I should start by saying that I had to wait my turn to read the advanced review copy of this graphic novel, because a certain 13-year old wrestling fan I know divested me of it just after it arrived. A non-reader, J finished it in one sitting and really didn't want to take a break for dinner, even. High praise indeed.
If you are a WWE wrestling fan, or seen the movie The Princess Bride, then you've probably heard of André the Giant. This graphic novel relates the story of his rise as a wrestler while dealing with debilitating physical issues. André never really stopped growing, thanks to the condition known as acromegaly, and he was told early on in his career that he'd be lucky to live to age 40.
The book is an unsentimental look at André's life, including some of the less pleasant aspects of it: how he was picked on or taunted throughout his life, how difficult travel was for him, how much he ate and drank (hint: a lot), and how he was sometimes a great friend, and sometimes fell short.
The book opens with an interview with Hulk Hogan, who became a superstar largely because André the Giant and Vince McMahon agreed to hand him that position. It then flashes back to an episode in André's childhood in France when he was 12, and the school bus driver refused to continue to carry him because he didn't fit well inside the bus. André caught a ride at least once in the back of a pickup truck driven by noted playwright, Samuel Beckett.

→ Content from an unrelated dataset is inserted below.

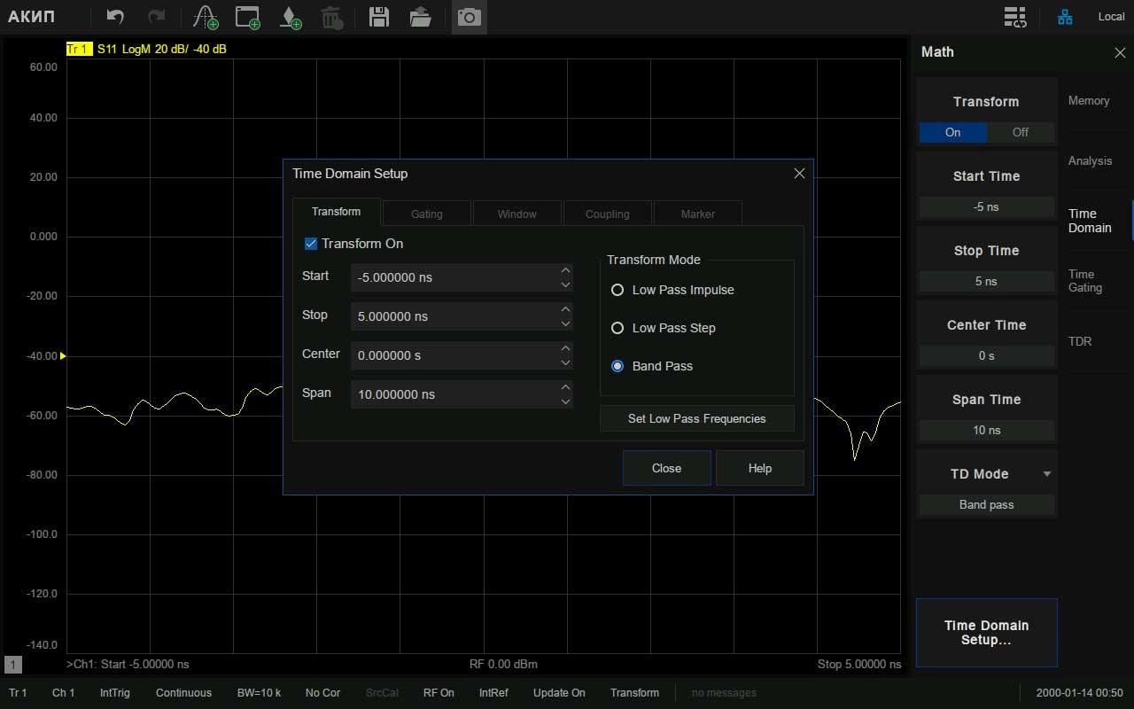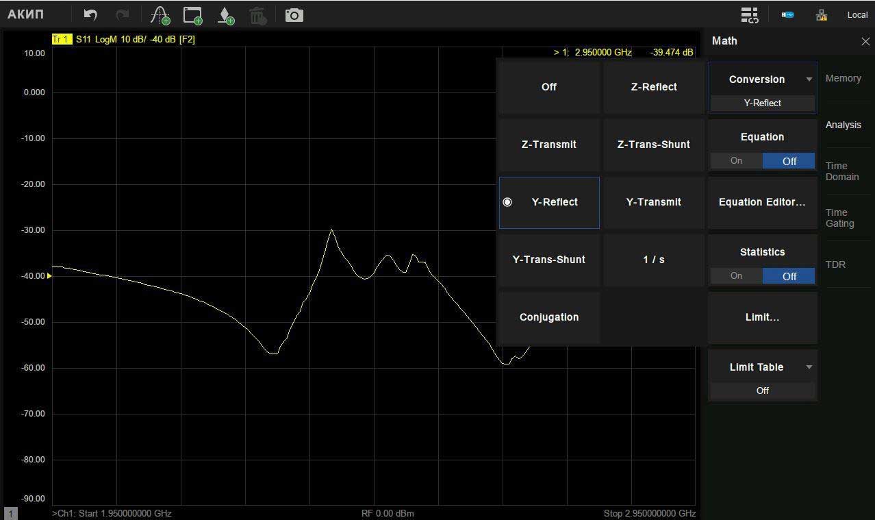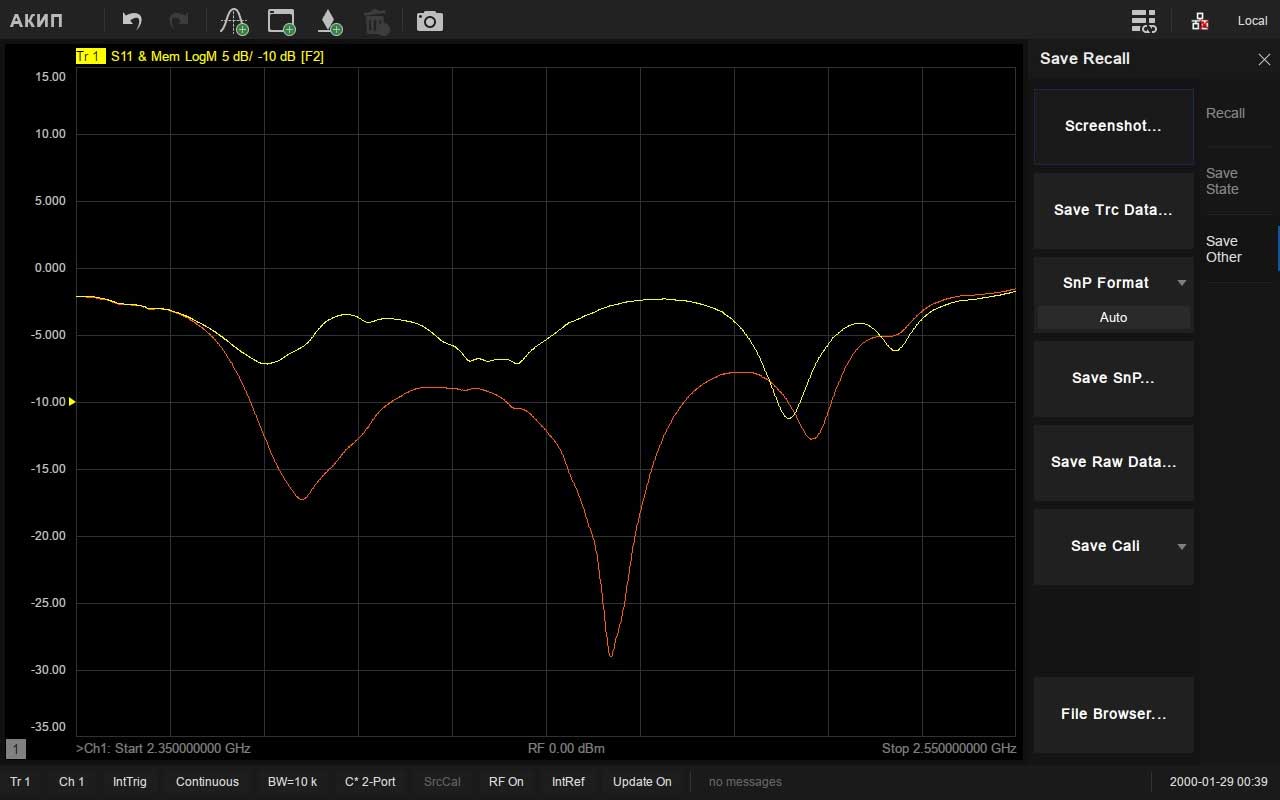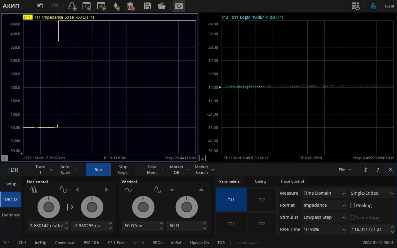 - Различные виды калибровки: простая, расширенная, полная (от одного до четырех портов), TRL-калибровка (SOLT, SOLR, TRL)

His difficulty in using equipment made for people who were "normal" sized comes to the fore throughout the book, including illustrations that show him drinking coffee. That's a full-sized cup, not a tiny espresso cup, he's holding:
André was a consummate professional when it came to professional wrestling, and did a great job selling both himself and the entertainment he was part of. He truly enjoyed his work on the movie The Princess Bride, filmed while he was recovering from back surgery. He told Mandy Patinkin it was because nobody looked at him funny on the set.
This graphic novel is an unflinching look at the complexities of his life, and it is told using the actual language used by people at that time, including the N-word and a host of four-letter words. It is impossible not to feel empathy for André, just as it's impossible to like him all the time when you read this book. An excellent biography, and a great profile of a larger-than-life man.
This graphic novel from First Second books is scheduled to release in just over a month, on May 6th.